| EXERCISE DIRECTIONS |
With images removed, return the whole listing exactly as written.
== GIVEN DATA ==
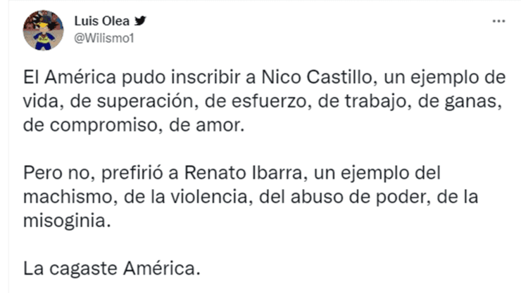 “Cabe mencionar que Renato Ibarra no tiene cargos pendientes que resolver y no recibió condena alguna. Dado que su familia apoya su reincorporación a las Águilas del América, y luego de un cuidadoso análisis, el Club ha optado por no prejuzgar aquello que la familia y las autoridades han solventado”, explicó en un comunicado el elenco azulcrema.
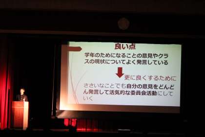 2年生の学年目標である「自ら考え行動する集団」「連帯意識を高める集団」になるために何をすることが必要なのを考え、マッピングを作成して発表しました。
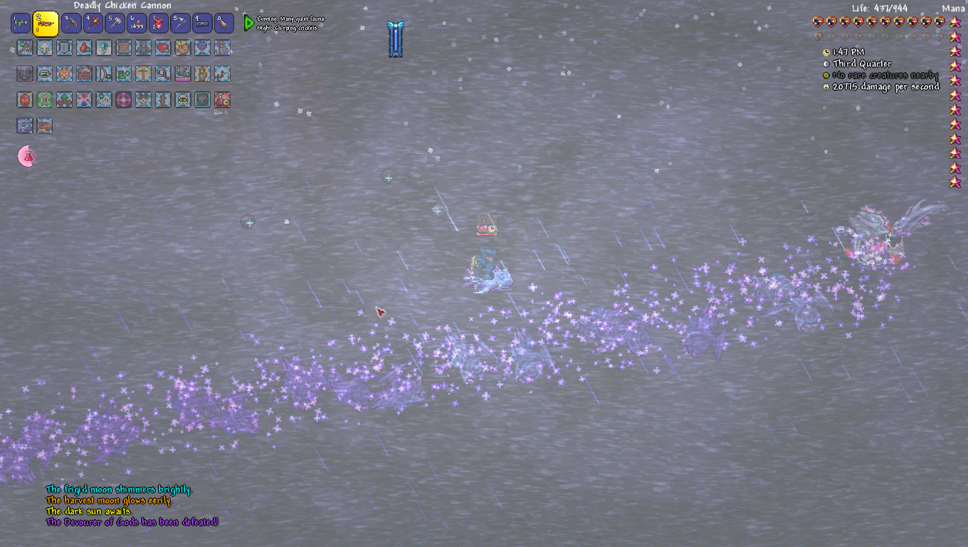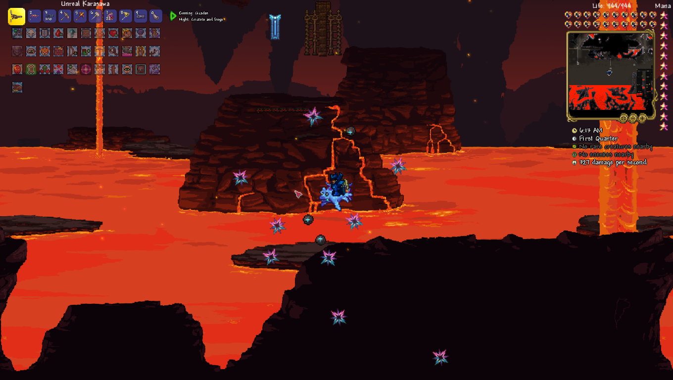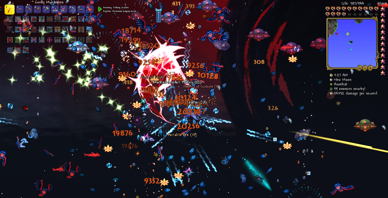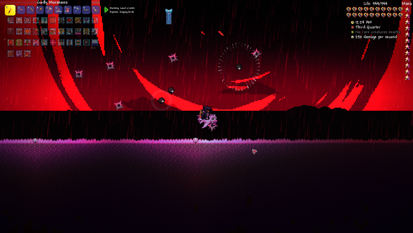 You know the irony I just realized? I've been daisychaining games back to back to have a central narrative, and my previous game (starsector) was one I also had to quit early because of a mod that threw unbalanced trash at me and ruined the run. It also involved entities emerging from black holes.And that's how my last Terraria run died. What a coincidence.
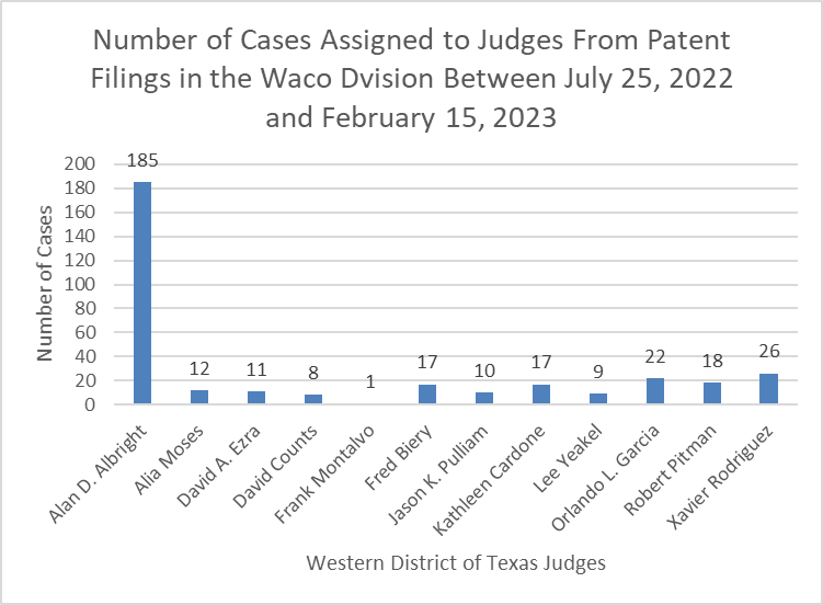 On July 25, 2022, then Western District of Texas Chief Judge Orlando Garcia issued an order declaring that new patent cases filed in the Waco Division would be randomly assigned among 12 judges in the Western District of Texas. See Order Assigning the Business of the Court as it Relates to Patent Cases (Garcia, C.J.) (W.D. Tex. July 25, 2022). Initially, litigants expected that this would drastically reduce the number of filings in the Waco Division as plaintiffs would have only an expected 8% chance of their cases being randomly assigned to Judge Albright—a significant change from the certainty that previously came from filing patent cases in the single-judge division. But statistics show that turned out not to be the case. Over the next three months, of the 210 patent cases filed in the Waco Division, 50% were assigned to Judge Albright.
===
| SOLUTION BELOW |
 “Cabe mencionar que Renato Ibarra no tiene cargos pendientes que resolver y no recibió condena alguna. Dado que su familia apoya su reincorporación a las Águilas del América, y luego de un cuidadoso análisis, el Club ha optado por no prejuzgar aquello que la familia y las autoridades han solventado”, explicó en un comunicado el elenco azulcrema.
 2年生の学年目標である「自ら考え行動する集団」「連帯意識を高める集団」になるために何をすることが必要なのを考え、マッピングを作成して発表しました。
 You know the irony I just realized? I've been daisychaining games back to back to have a central narrative, and my previous game (starsector) was one I also had to quit early because of a mod that threw unbalanced trash at me and ruined the run. It also involved entities emerging from black holes.And that's how my last Terraria run died. What a coincidence.
 On July 25, 2022, then Western District of Texas Chief Judge Orlando Garcia issued an order declaring that new patent cases filed in the Waco Division would be randomly assigned among 12 judges in the Western District of Texas. See Order Assigning the Business of the Court as it Relates to Patent Cases (Garcia, C.J.) (W.D. Tex. July 25, 2022). Initially, litigants expected that this would drastically reduce the number of filings in the Waco Division as plaintiffs would have only an expected 8% chance of their cases being randomly assigned to Judge Albright—a significant change from the certainty that previously came from filing patent cases in the single-judge division. But statistics show that turned out not to be the case. Over the next three months, of the 210 patent cases filed in the Waco Division, 50% were assigned to Judge Albright.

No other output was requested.